The School District is seeking damages it estimates at almost $22 million against the architect and the railroad, and is demanding a jury trial. A hearing date was not set.
A spokesman for Union Pacific, Mark Davis, said railroad officials had yet to study the lawsuit and could not comment on it. A spokesman for Wight and Co., Joshua Robbins, also said officials there had not yet studied the suit and could not comment.
Superintendent Paul Skeans of the Gillespie district referred questions about the suit to the school district’s attorneys, who were unavailable for comment.
The suit says Superior Coal mined the area under the damaged Benld school from 1904 until closing the mine in 1954. The company was owned by the Chicago and North Western Railroad and used the coal as fuel for its trains, the suit says.
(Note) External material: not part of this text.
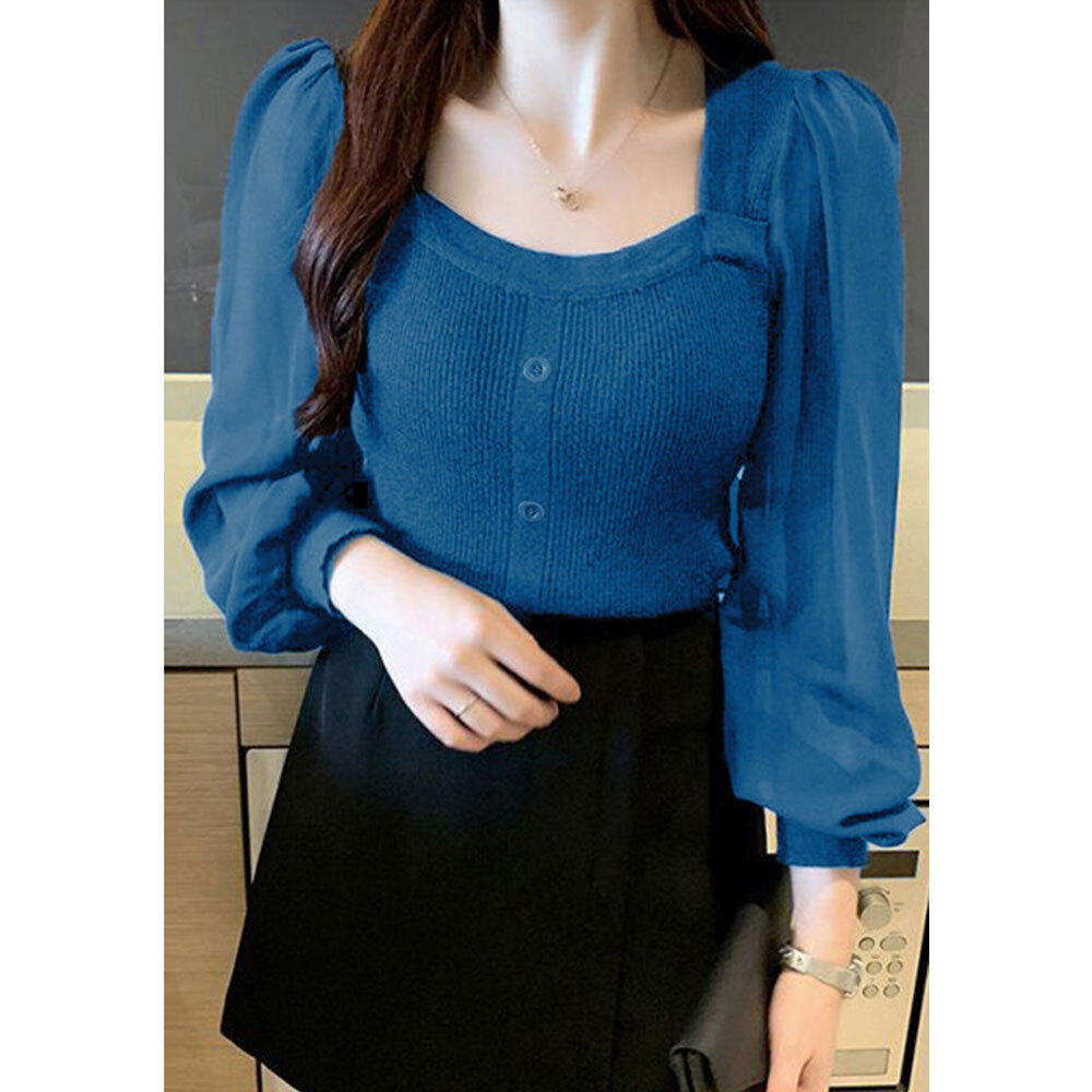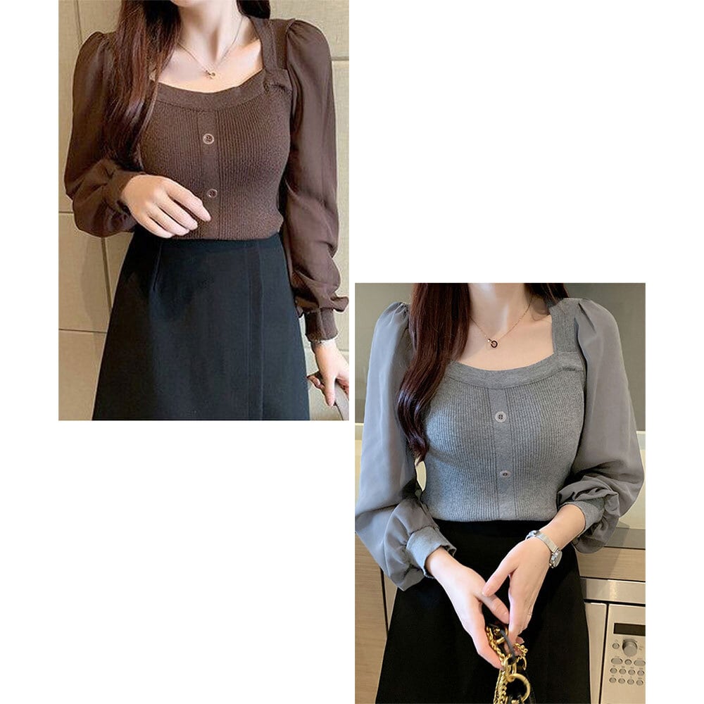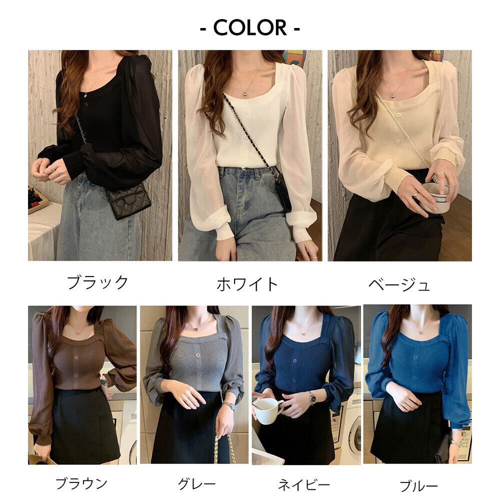 シフォン袖 ニット ブラウス トップス レディース 韓国 春夏秋 きれいめ 大人 かわいい オフィス ビジネス 透け感 おしゃれ カジュアル 大人可愛い 大人女子

Union Pacific bought Chicago and North Western and its assets and liabilities in 1995, according to the lawsuit.
The suit says Superior Coal failed “to provide the surface property owner (the school district) with adequate subjacent support when conducting mining operations.”
The suit also alleges that Wight and Co., as architect of the Benld school, “failed to exercise due care in conducting investigations related to the possible mine subsidence that could or might occur at the location of the proposed new elementary school building.”
The school was built in 2001 and opened in 2002. It was abandoned immediately after the subsidence incident.
School district officials have estimated that it would cost almost $22 million to build an equivalent school today. Insurance will cover just $350,000 of that, district officials have said.
Schools in the Gillespie district will return to normal schedules early in the coming school year, thanks to a $750,000 federal grant that will help lease 27 temporary classrooms, officials announced recently.
Pupils from the closed Benld school had to finish the last school year on a split schedule because of limited classroom space.